Hmm, OK, in that case let me add something to my situation. I have a
large list of data that I am adding to my container in sorted order.
There is a possibility of duplicates, but we do not want to add
duplicates. Initially, I was pushing the data to the back of a vector,
but checking if the element was already in the vector before pushing it
back. This repeated searching was very inefficient and was what caused
me to redesign it using a set, since I can just insert without needing
to check before. Using a set instead of the previous method with vector
caused a 4-5x speed increase.

Do you have another suggestion for something I can try?

std::unique or std::unique_copy.

--

-- Pete

Author of "The Standard C++ Library Extensions: a Tutorial and
Reference." For more information about this book, see
www.petebecker.com/tr1book.

Oct 27 '06 #9

David Harmon

On Fri, 27 Oct 2006 13:20:13 +0000 (UTC) in comp.lang.c++,
ri******@gehennom.invalid (Marcus Kwok) wrote,

>Mark P <us****@fall2005remove.fastmailcaps.fmwrote:
>Keep in mind that inserting elements into a set in sorted order may be
far from optimal and that the run time may be dominated by the
rebalancing required to maintain the red-black tree.

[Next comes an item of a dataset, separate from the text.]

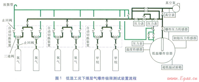 低溫工況下煤層氣爆炸極限的測(cè)試裝置流程按功能分為吹掃流程及引爆試驗(yàn)流程。吹掃流程:在進(jìn)行試驗(yàn)之前必須對(duì)管道進(jìn)行吹掃,即打開(kāi)氮?dú)鈿馄砍隹陂y門,用氮?dú)獯祾哒麄€(gè)回路,由放散管集中排放。引爆試驗(yàn)流程:關(guān)閉氮?dú)鈿馄砍隹陂y門,啟動(dòng)真空泵將低溫爆炸容器抽至-0.02MPa;關(guān)閉真空泵,依次打開(kāi)氮?dú)狻⒀鯕?、甲烷氣瓶,按比例充入到低溫爆炸容器?nèi);待各組分充分混合均勻后利用超低溫試驗(yàn)箱降溫,進(jìn)行引爆試驗(yàn)。低溫工況下煤層氣爆炸極限測(cè)試裝置流程見(jiàn)圖l。

Hmm, OK, in that case let me add something to my situation. I have a
large list of data that I am adding to my container in sorted order.
There is a possibility of duplicates, but we do not want to add
duplicates. Initially, I was pushing the data to the back of a vector,
but checking if the element was already in the vector before pushing it
back. This repeated searching was very inefficient and was what caused
me to redesign it using a set, since I can just insert without needing
to check before. Using a set instead of the previous method with vector
caused a 4-5x speed increase.

Do you have another suggestion for something I can try?

If your data is sorted, then you only need to check if each item is
the same as the previous, right? And at the same time, a check if
the item is "less than" the previous will verify that it really is
sorted.

Oct 27 '06 #10

Marcus Kwok

Pete Becker <pe********@acm.orgwrote:

Marcus Kwok wrote:
>Mark P <us****@fall2005remove.fastmailcaps.fmwrote:
>>Keep in mind that inserting elements into a set in sorted order may be
far from optimal and that the run time may be dominated by the
rebalancing required to maintain the red-black tree.

Hmm, OK, in that case let me add something to my situation. I have a
large list of data that I am adding to my container in sorted order.
There is a possibility of duplicates, but we do not want to add
duplicates. Initially, I was pushing the data to the back of a vector,
but checking if the element was already in the vector before pushing it
back. This repeated searching was very inefficient and was what caused
me to redesign it using a set, since I can just insert without needing
to check before. Using a set instead of the previous method with vector
caused a 4-5x speed increase.

Do you have another suggestion for something I can try?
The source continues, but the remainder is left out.